PATIENTS AND METHODS

Patients

From November 2010 to April 2020, patients diagnosed with extragastric MALT lymphoma at three cancer centers (Wuhan Union Hospital, He Nan Cancer Hospital, and Sichuan Provincial People's Hospital) were screened as the training cohort for nomogram construction. The validation cohort was recruited from another three hospitals (Sun Yat‐sen University Cancer Center, West China Hospital, and Sichuan Cancer Hospital & Institute). The inclusion criteria were as follows: histologically proven MALT lymphoma according to the WHO Classification of Tumors of Hematopoietic and Lymphoid Tissue and complete follow‐up data and clinical information. Patients lacking clinical data or who were diagnosed with primary gastric or splenic MZL were excluded. The primary sites of extra‐gastric MALT lymphoma in our study include orbital, thyroid, salivary gland, lung, mediastinal, soft tissue. The “other” included upper airways, breast, intestinal sites, liver, tonsil, tongue, colon, and skin which were rare sites, it also included advanced MALT lymphoma which was extensively invaded and cannot be identified as the primary site. This study was approved by the ethics committee of Sun Yat‐sen University Cancer Center. The project was also approved by the institutional review board of each participating institution.

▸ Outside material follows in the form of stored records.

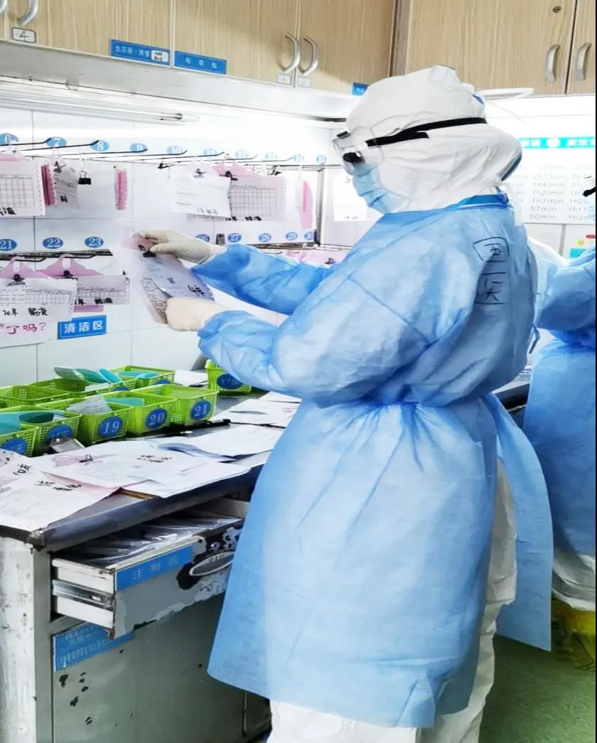一線臨床的治療和護(hù)理工作,是真正考驗(yàn)技術(shù)的環(huán)節(jié)。加藥配藥嚴(yán)格無菌操作、雙人核對(duì)。戴著多層防護(hù)手套工作,一雙“大手”小心翼翼拿取每一小支安瓿抽吸藥液時(shí)稍顯笨拙,但是護(hù)士說:“現(xiàn)在加藥的姿勢(shì)可能有點(diǎn)狼狽,但是我沒有浪費(fèi)一滴藥,這都是在科室練出來的基本功?!?/span>
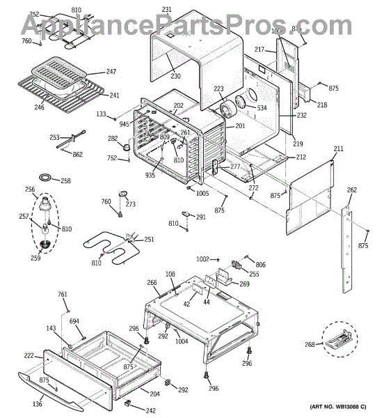 The Broiler Assembly is an OEM replacement part for GE range. Located inside the oven, it houses the heating elements responsible for the broil cooking function. Causes of a bad broiler assembly can include cracked or burnt-out heating elements that no longer ignite, damage from accidentally being cleaned with abrasive chemicals, or warping of metal components from overheating. Symptoms of a bad broiler assembly include:
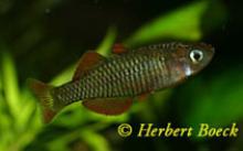 Тело короткое с крупной головой. В спинном плавнике 3 колючих и 9 мягких лучей, в анальном 12 мягких (колючих нет). Самцы ярче окрашены. Окраска: общий фон охристый. Каждая чешуйка в ромбовидной окантовке, что придает сетчатый рисунок. Плавники оранжевые. Вырастает до 2,8 см SL
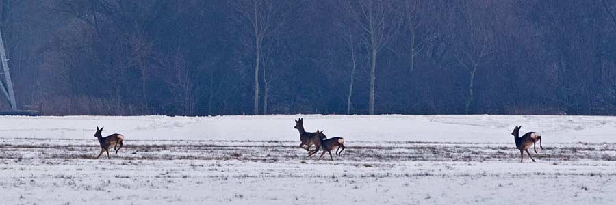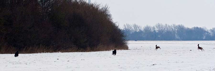 ![]() Net toen de honden de auto uit waren, schoten er 4 herten weg (2 zie je bij de bosrand) |
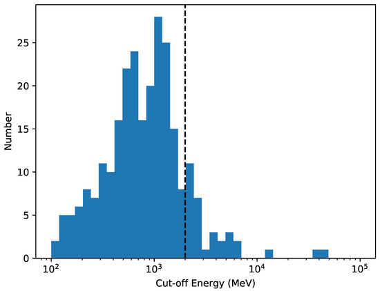 Histogram of the cut-off energy of the Fermi-LAT pulsars. The vertical dotted line indicates 2 GeV.
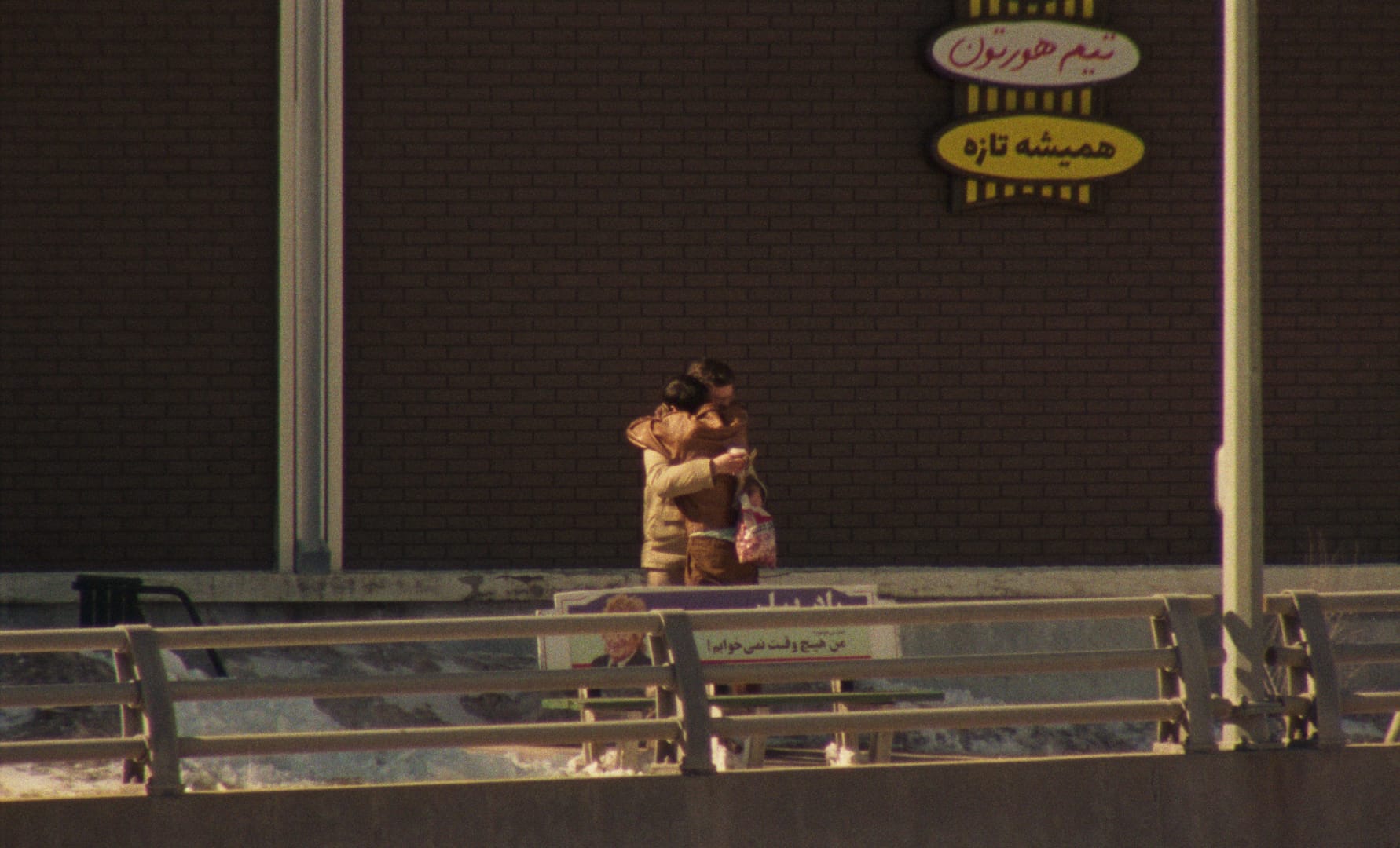 In Universal Language, director Matthew Rankin transforms the environs of his native Winnipeg into a tight-knit Iranian hamlet. Advertisements and street signs appear in Persian script, and Farsi is the primary language spoken (although the government of Québec, nearby in the topsy-turvy geography of the film, still sternly insists on French). Townsfolk hawk wares from makeshift stalls set against Brutalist municipal blocks. Flocks of wild turkeys wander snowy streets. In one truly resplendent moment, glazed donuts mingle with brass samovars and beaded tablecloths at a candlelit Tim Horton’s (a doughnut chain started in Canada), tended to by a politely arch proprietress who seems straight out of Iranian director Abbas Kiarostami’s beloved 1999 film The Wind Will Carry Us.

Clinical indicators and outcomes

We collected data regarding the following clinical features: sex, age, Ann Arbor stage, Eastern Cooperative Oncology Group performance status (ECOG PS), lactate dehydrogenase (LDH), β2‐microglobulin, erythrocyte sedimentation rate (ESR), platelet (PLT), hemoglobin (Hb), lymphocytes, neutrophils, monocytes, neutrophil‐to‐lymphocyte ratio (NLR), lymphocyte‐to‐monocyte ratio (LMR), IPI, MALT‐IPI, Ki67 level, extranodal involvement status, and hepatitis B virus surface antigen (HBsAg) status at diagnosis. Other clinical indicators included the curative effect of the first‐line treatment and treatment type information (radiotherapy, surgery, or immunotherapy). The indicators above were included according to prognostic indicators recommended in the guidelines or reported in previous studies. The NLR was defined as the ratio of the absolute neutrophil count (ANC) to the absolute lymphocyte count (ALC). The LMR was the ratio between the ALC and the monocyte count. Progression‐free survival (PFS) was defined as the time from diagnosis to disease progression, relapse, or death from any cause, with censoring at the time of the last follow‐up. OS was defined as the time from diagnosis to death from any cause, with censoring at the time of the last follow‐up.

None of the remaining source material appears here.